» EXERCISE DIRECTIONS: Every line from the one with "把雪花当做婚纱的小狗。" up to and including the one with "Goodyear GYTX20HL - 12" is to be output exactly as it appears below; pictures are not.

··· INPUT RECORDS ···

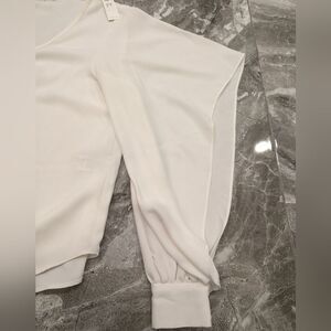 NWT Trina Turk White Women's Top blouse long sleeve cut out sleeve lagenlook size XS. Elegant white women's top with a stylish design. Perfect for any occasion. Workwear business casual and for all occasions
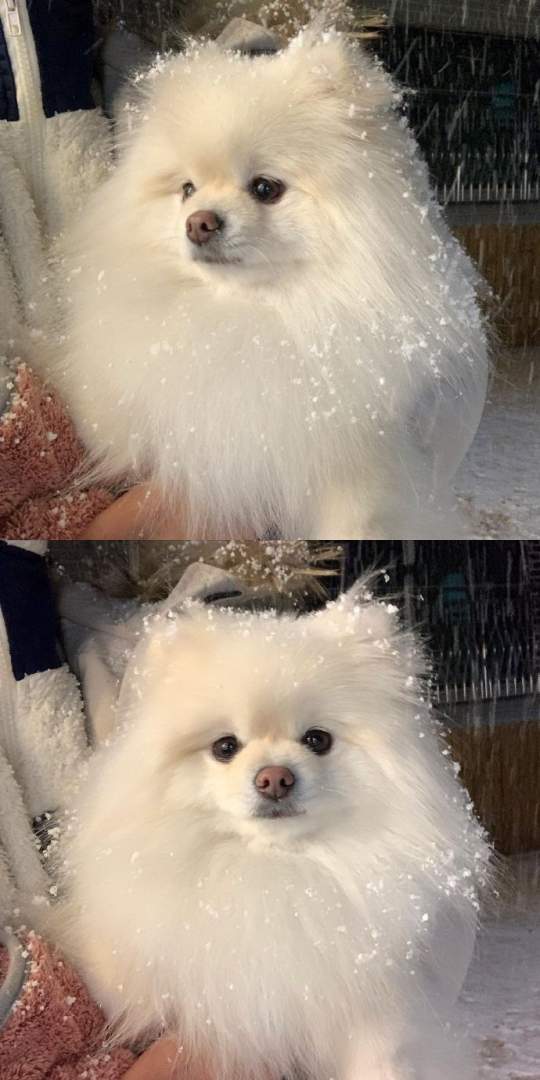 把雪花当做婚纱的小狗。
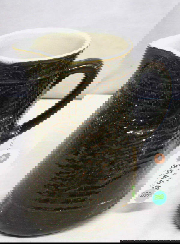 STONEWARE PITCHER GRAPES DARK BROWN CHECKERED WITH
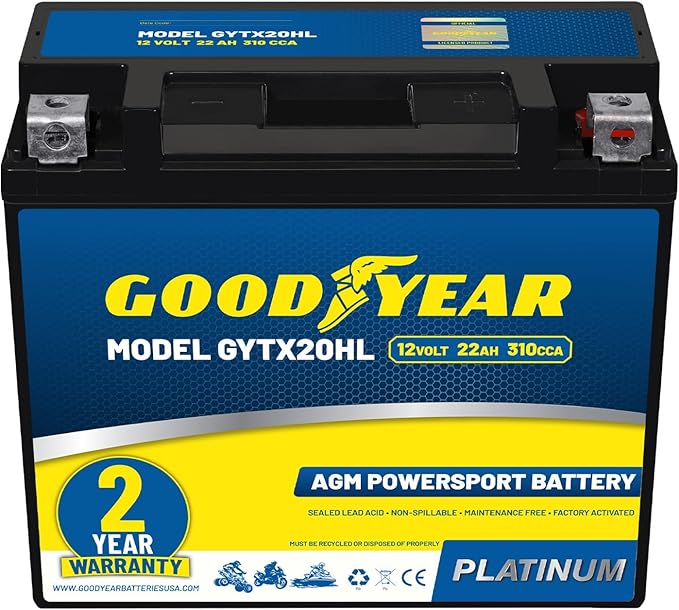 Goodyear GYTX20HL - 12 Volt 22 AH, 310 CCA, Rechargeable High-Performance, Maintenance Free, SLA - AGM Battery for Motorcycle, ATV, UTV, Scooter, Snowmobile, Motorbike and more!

···
··· INPUT RECORDS ···

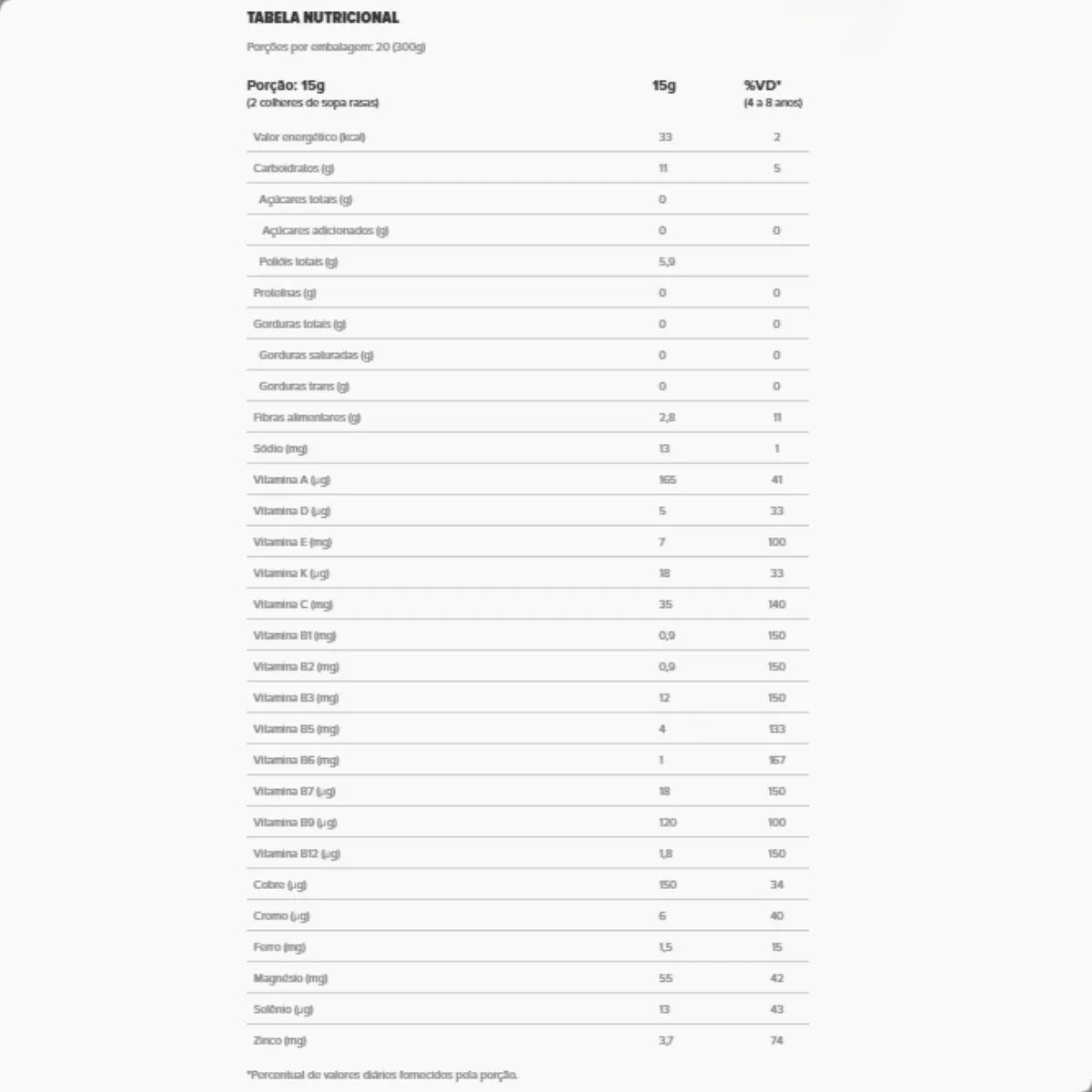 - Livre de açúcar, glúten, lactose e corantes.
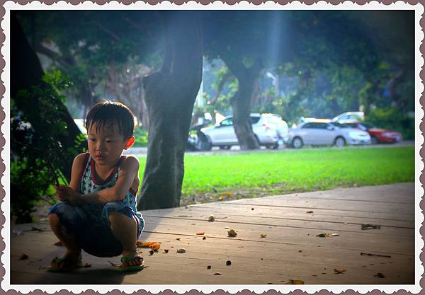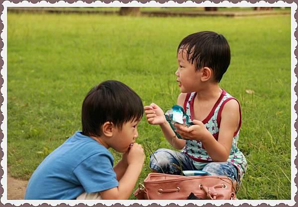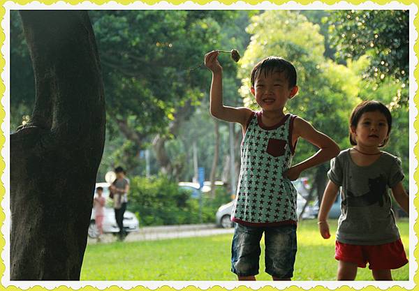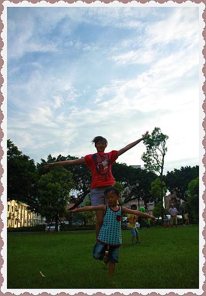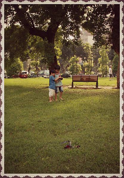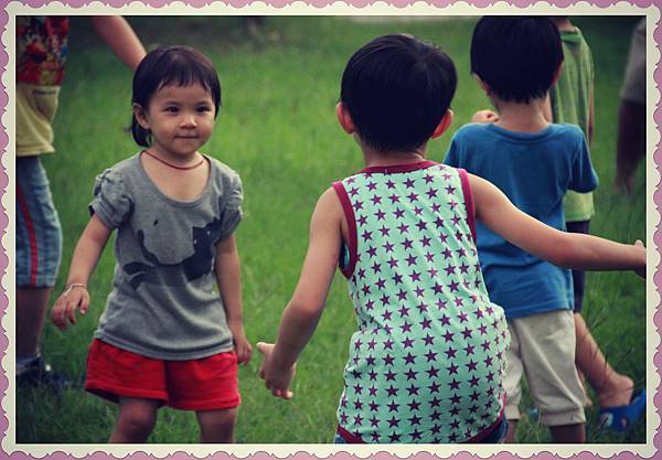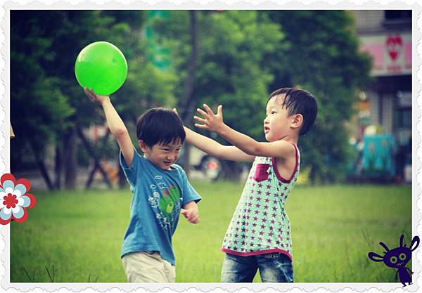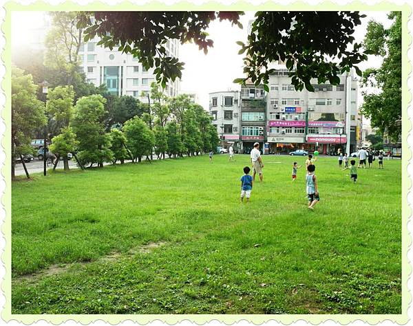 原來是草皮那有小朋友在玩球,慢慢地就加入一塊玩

···
··· INPUT RECORDS ···

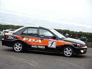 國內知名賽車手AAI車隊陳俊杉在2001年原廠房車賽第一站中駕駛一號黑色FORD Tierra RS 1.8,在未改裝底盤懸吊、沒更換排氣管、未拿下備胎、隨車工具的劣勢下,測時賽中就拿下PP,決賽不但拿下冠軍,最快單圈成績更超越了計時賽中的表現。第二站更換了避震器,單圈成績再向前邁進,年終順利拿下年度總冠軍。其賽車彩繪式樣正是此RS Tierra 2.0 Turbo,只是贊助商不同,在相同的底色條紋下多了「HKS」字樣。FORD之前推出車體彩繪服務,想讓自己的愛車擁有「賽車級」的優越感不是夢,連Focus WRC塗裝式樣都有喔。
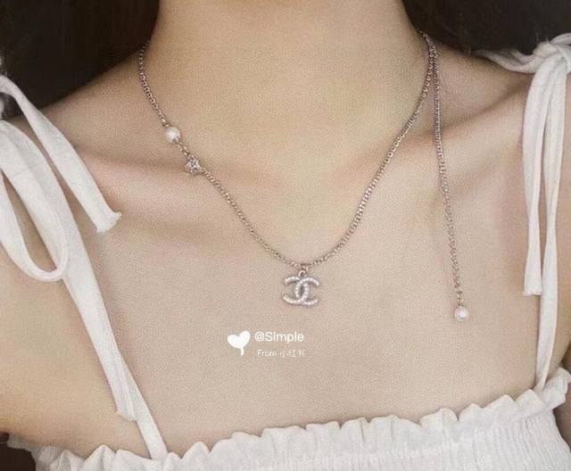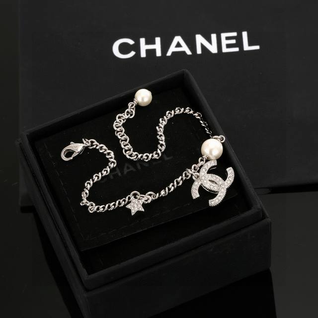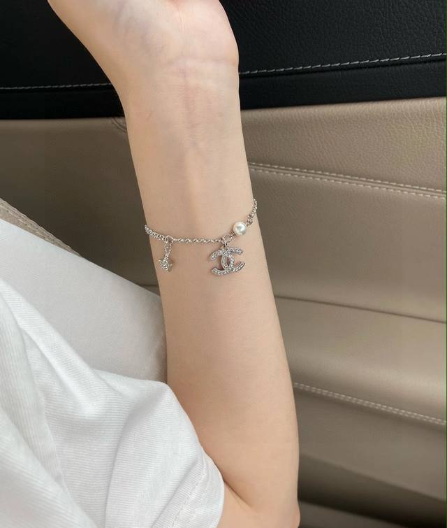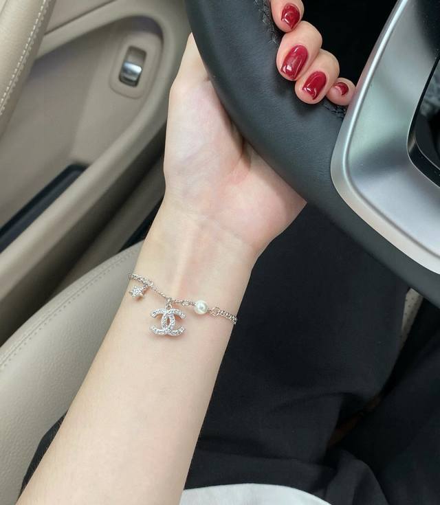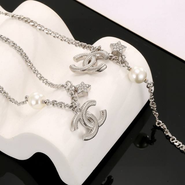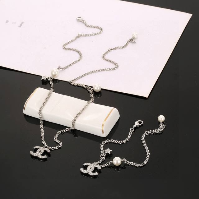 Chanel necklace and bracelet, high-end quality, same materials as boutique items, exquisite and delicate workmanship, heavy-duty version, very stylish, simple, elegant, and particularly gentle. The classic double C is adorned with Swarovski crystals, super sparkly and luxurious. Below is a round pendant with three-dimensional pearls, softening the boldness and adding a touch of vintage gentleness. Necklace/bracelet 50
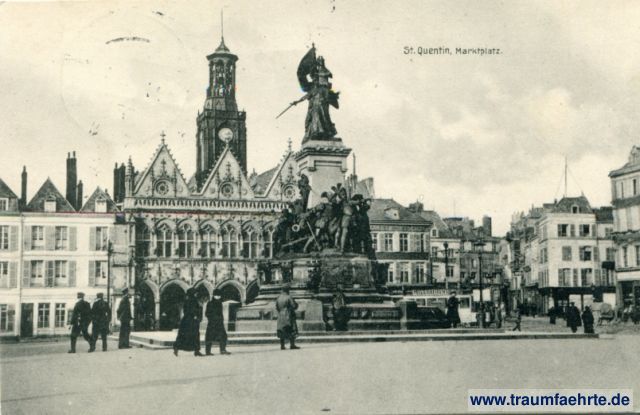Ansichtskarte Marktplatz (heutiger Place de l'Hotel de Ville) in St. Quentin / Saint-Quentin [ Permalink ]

···

» OUTPUT BELOW:
 把雪花当做婚纱的小狗。
 STONEWARE PITCHER GRAPES DARK BROWN CHECKERED WITH
 Goodyear GYTX20HL - 12 Volt 22 AH, 310 CCA, Rechargeable High-Performance, Maintenance Free, SLA - AGM Battery for Motorcycle, ATV, UTV, Scooter, Snowmobile, Motorbike and more!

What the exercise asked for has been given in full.